* **YOUR ASSIGNMENT**
From the line containing "Dida Vonkale Nets" to the line containing "A produção de" in the entries below, reproduce every line exactly, ends included. Nothing else belongs in the copy, and no pictures.

* **SUPPLIED DATA**

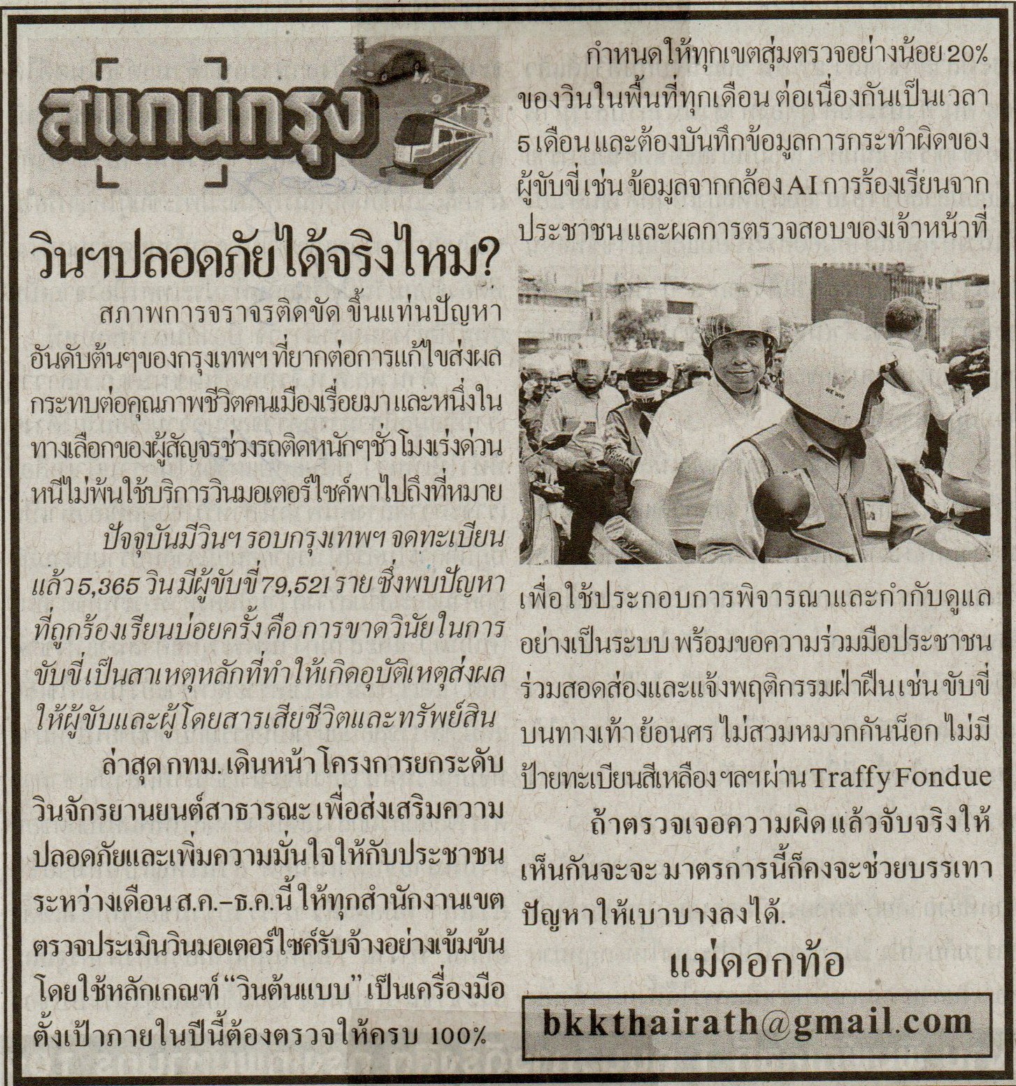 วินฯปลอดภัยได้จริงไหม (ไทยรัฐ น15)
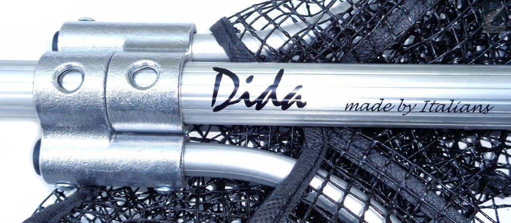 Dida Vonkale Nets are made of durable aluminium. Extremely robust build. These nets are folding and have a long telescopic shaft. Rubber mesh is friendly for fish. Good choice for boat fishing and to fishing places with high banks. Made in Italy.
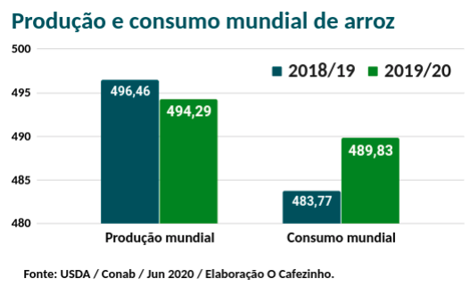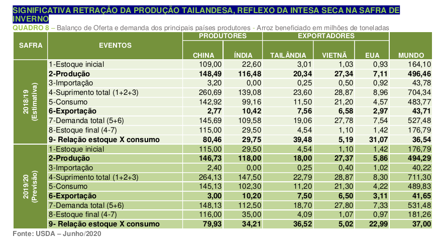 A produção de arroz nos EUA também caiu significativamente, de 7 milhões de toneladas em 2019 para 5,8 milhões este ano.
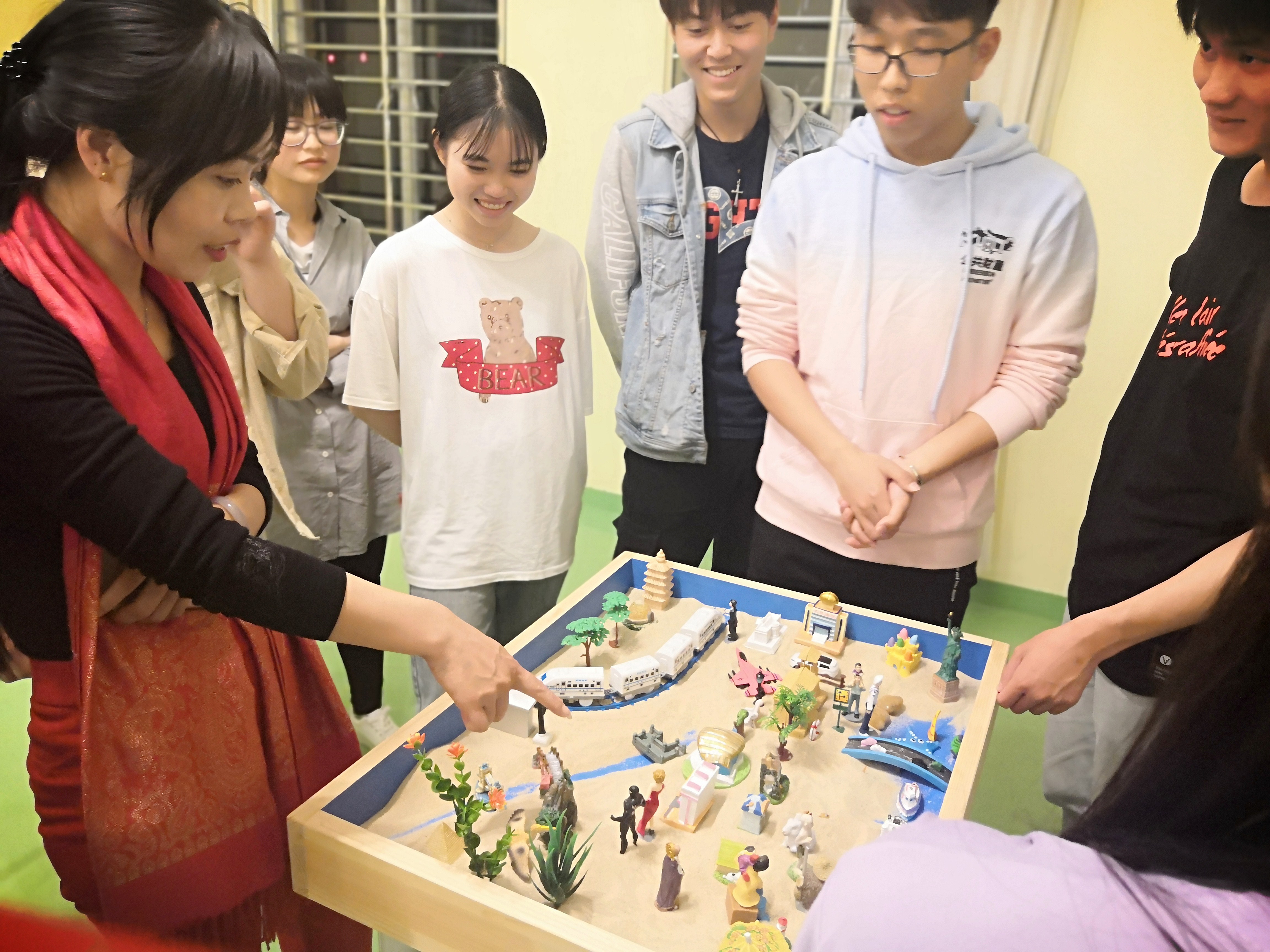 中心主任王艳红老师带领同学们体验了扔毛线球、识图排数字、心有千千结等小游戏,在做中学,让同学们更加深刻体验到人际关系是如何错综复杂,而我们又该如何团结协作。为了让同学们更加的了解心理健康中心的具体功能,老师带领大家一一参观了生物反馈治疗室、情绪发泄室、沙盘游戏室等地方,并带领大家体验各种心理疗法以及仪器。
* * *
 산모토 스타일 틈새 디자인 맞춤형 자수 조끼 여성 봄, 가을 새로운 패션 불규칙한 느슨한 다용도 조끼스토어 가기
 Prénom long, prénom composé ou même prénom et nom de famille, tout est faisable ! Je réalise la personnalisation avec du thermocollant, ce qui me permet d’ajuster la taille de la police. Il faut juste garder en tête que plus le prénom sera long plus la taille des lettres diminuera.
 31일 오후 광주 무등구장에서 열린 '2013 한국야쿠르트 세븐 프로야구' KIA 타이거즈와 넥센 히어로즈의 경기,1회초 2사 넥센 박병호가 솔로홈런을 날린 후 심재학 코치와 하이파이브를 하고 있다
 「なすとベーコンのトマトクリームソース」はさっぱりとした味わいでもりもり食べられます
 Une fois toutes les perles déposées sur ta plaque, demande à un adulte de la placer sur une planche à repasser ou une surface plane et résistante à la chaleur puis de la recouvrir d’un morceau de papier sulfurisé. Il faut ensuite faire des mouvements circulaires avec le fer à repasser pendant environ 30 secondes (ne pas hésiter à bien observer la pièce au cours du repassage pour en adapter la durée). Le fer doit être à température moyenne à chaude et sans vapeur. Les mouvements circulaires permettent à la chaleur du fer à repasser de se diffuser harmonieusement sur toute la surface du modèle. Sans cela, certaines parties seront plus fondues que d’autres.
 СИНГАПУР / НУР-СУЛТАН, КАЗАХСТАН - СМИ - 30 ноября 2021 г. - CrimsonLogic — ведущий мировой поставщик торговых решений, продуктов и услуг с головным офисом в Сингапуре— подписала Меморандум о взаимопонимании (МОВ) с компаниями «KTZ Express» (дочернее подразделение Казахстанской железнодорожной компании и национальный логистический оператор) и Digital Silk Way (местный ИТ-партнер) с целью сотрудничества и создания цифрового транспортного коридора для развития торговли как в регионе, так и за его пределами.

* **TASK RESULT**
 Dida Vonkale Nets are made of durable aluminium. Extremely robust build. These nets are folding and have a long telescopic shaft. Rubber mesh is friendly for fish. Good choice for boat fishing and to fishing places with high banks. Made in Italy.
 A produção de arroz nos EUA também caiu significativamente, de 7 milhões de toneladas em 2019 para 5,8 milhões este ano.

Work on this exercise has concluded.